PROBLEM DESCRIPTION
Would you print the lines below exactly, beginning at the line that has "Although rain had" and stopping after the line that has "SPOKANE'S COMMUNITY MUSIC SCHOOL"? Only those lines, and no pictures.
[TASK MATERIAL — start]
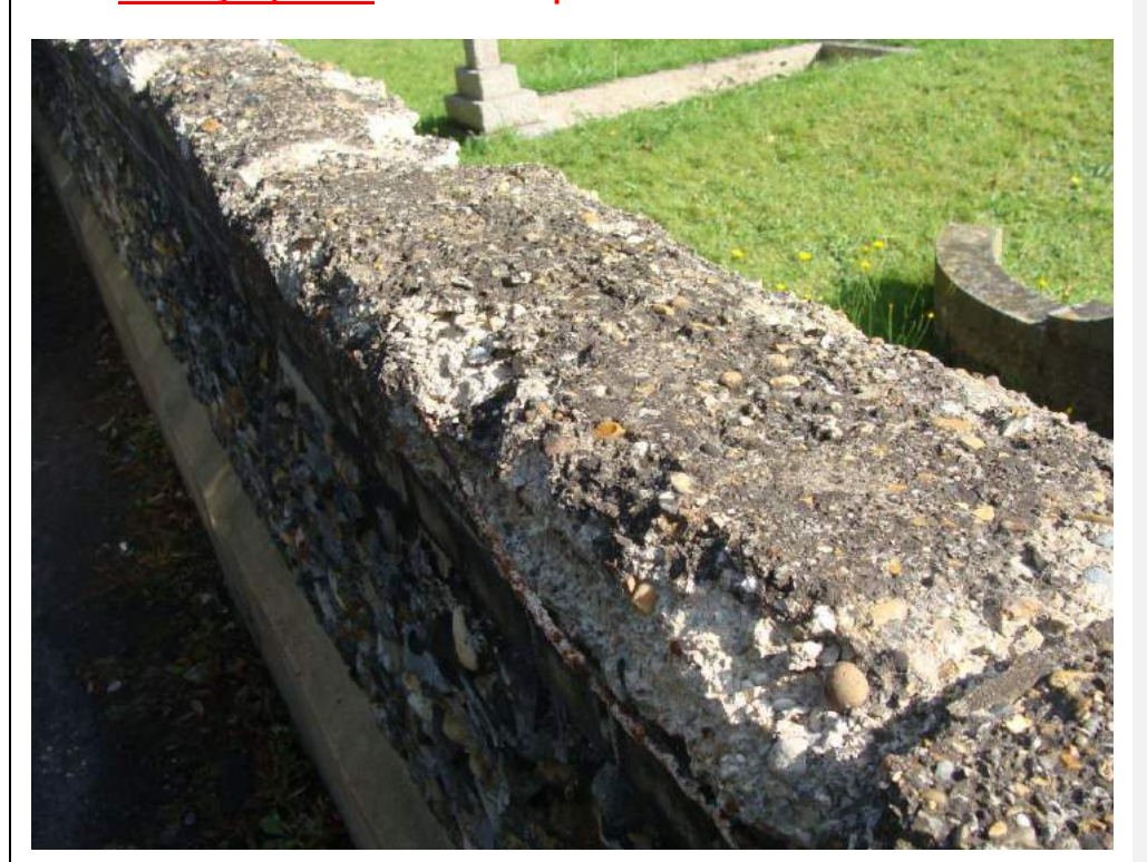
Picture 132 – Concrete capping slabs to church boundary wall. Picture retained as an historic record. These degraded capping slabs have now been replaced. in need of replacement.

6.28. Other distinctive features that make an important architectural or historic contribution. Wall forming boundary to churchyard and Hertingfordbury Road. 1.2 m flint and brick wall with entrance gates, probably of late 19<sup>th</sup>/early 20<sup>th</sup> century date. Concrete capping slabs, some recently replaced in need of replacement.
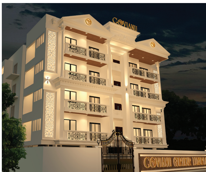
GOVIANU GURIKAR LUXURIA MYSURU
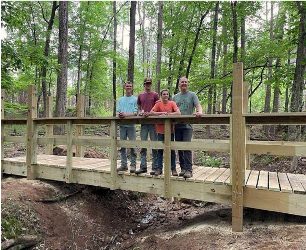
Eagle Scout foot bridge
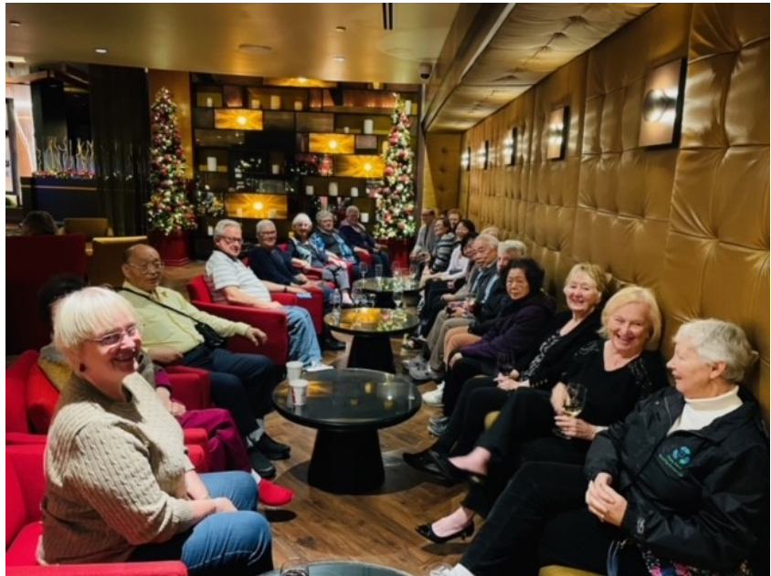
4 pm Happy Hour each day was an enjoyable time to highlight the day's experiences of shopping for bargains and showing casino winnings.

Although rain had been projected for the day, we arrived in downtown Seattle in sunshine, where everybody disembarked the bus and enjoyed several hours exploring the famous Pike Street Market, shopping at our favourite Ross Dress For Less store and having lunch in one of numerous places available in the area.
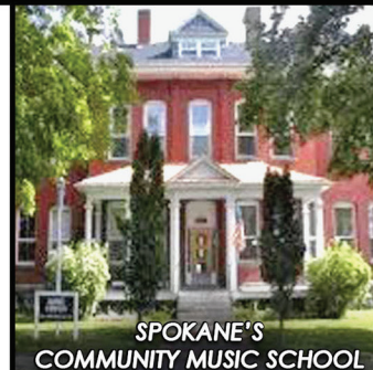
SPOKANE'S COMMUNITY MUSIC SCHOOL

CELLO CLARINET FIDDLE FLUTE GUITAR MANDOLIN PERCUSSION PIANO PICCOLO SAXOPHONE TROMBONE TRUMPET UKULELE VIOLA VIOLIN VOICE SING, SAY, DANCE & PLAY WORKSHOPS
[TASK MATERIAL — finish]
[TASK MATERIAL — start]
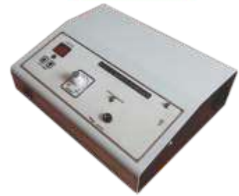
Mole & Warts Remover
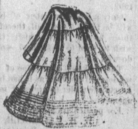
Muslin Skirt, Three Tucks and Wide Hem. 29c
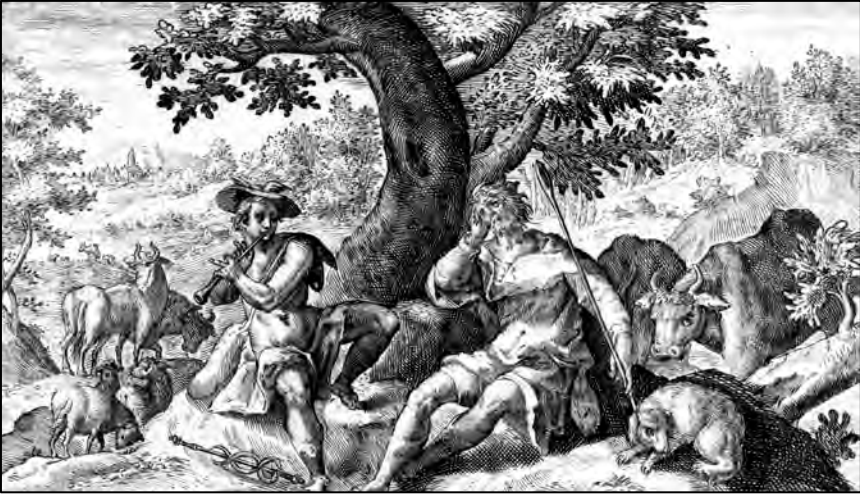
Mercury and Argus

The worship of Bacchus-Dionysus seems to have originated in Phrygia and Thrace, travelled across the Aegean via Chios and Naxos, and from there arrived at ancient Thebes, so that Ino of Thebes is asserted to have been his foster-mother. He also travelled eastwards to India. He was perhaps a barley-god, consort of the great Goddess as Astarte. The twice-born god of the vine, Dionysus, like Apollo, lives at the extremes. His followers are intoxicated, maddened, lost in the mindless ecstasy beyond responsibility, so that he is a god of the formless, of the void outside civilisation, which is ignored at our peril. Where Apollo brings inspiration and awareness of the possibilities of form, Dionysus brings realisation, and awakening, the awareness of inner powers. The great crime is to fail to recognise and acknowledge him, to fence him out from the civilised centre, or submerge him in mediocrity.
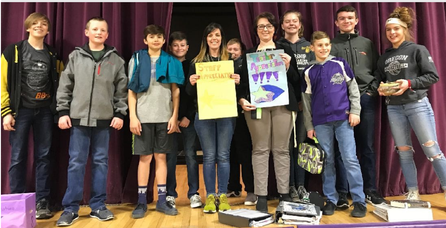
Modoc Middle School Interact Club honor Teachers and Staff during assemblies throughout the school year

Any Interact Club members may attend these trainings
[TASK MATERIAL — finish]
SOLUTION FOR THIS EXERCISE
Although rain had been projected for the day, we arrived in downtown Seattle in sunshine, where everybody disembarked the bus and enjoyed several hours exploring the famous Pike Street Market, shopping at our favourite Ross Dress For Less store and having lunch in one of numerous places available in the area.
SPOKANE'S COMMUNITY MUSIC SCHOOL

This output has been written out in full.